Hi,
I have a protein sequence which I first do a blastp against NR database without any limitations. It returns a possible protein family and an organism in the output with a very low E-value (something like 3E-143). This all works fine, but I am told that there's a very high possibility that the sequence comes from a nematode. So I redo blastp now limiting the taxa to nematodes. I get just one decent hit, with the follwing header
ENA|CL652565|CL652565.1 PRI0115a_H01 - PRI0115a.B21 (762) Mixed stage fosmid library of P. pacificus var. California Pristionchus pacificus genomic, genomic survey sequence.
I don't understand this header completely (what does PRI0115a_H01 - PRI0115a.B21 (762) mean?), but from what I can tell it is not showing me the protein family, just the name of the organism. My question is, should the protein family differ from the first case (I tried all reading frames), it shouldn't right? So why is it not shown this time? So can I deduce the organism from my second query and the protein family from the first? I am kinda new to bio and bioinformatics and have been directly put into all this, so don't mind if I have gotten something completely wrong.

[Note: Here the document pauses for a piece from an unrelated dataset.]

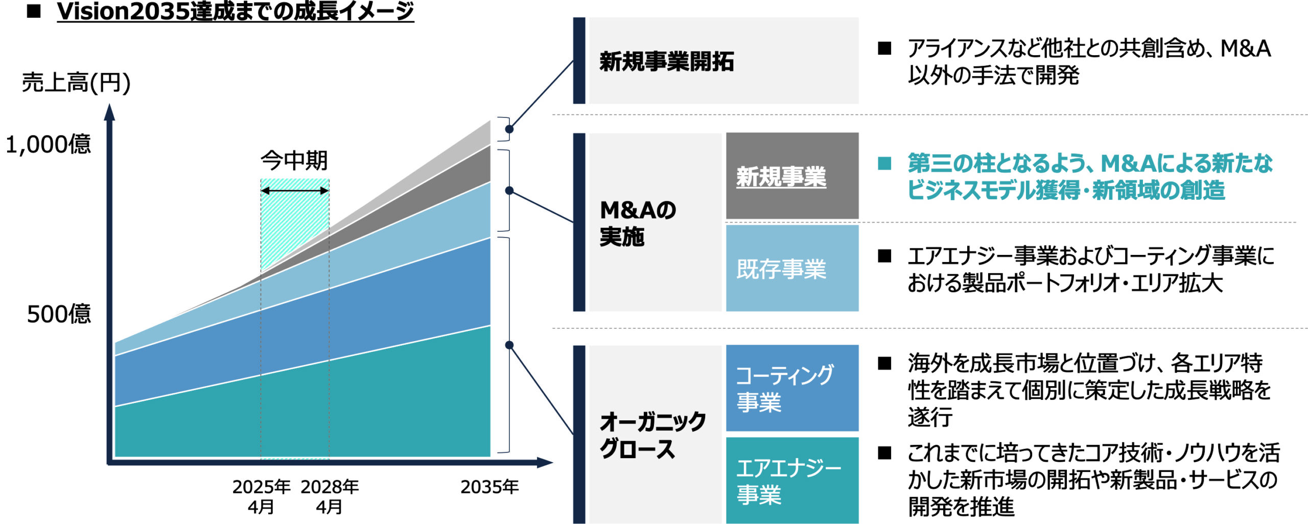 一方、事業領域の拡張を図るため、M&Aにも積極的に取り組む姿勢を明示した。技術・製品の補完や地域網の拡大を目的とした戦略的な投資により、既存の延長線上にとどまらない〝第三の軸〟の創出を目指す。すでに国内外において情報収集や候補検討が進んでおり、2027年度までに複数の成果が期待されている。

Adding one thing: if you're searching for protein families you should take a look at http://www.ncbi.nlm.nih.gov/Structure/cdd/wrpsb.cgi
No, blastp and tblastn do not necessarily give the same result. When you search a protein database (blastp), you are searching sequences that the database provider believes to be genuine proteins. When you use tblastn, you are searching a 6-frame translation of a nucleotide database, which is different to a database of known (or putative) proteins.
Thank you for the reply. Yes, you are right. I was using tblastn and thinking it was blastp. But even in this case, tblastn tells me that there is a nematode nucleotide sequence similar to mine in the database (with a good E-value). But when I do a blastx with the same (nematode limited), I get no hits. What should I infer from this? The nematode sequence that tblastn showed doesn't encode anything?
@Michael Thanks, yes I did that. In fact blastp result includes a conserved domain analysis as well.
@neilfws Thanks. Yes, I was using tblastn thinking it was blastp. Let me rephrase what's happening. I have a sequence and first I do a blastp, which gives me a possible protein and the organism. I then do a tblastn on nematode database and get a hit for an organism. Then I change it to blastp on nematode database, and get no hits. What does this mean? Shouldn't the nematode for which I got a hit in tblastn also show here? Or it means that according to the database there is no nematode that encodes this protein?
Also I wanted to ask again, if blastp tells me that this sequence might encode for protein X (irrespective of the organism name blastp results in, I don't think the organism name that blastp gives is so important because the same protein might be encoded by multiple organisms). And a blastn tells me that this sequence might come from organism Y. Can I not say then say that my sequence might come from organism Y and encode for protein X?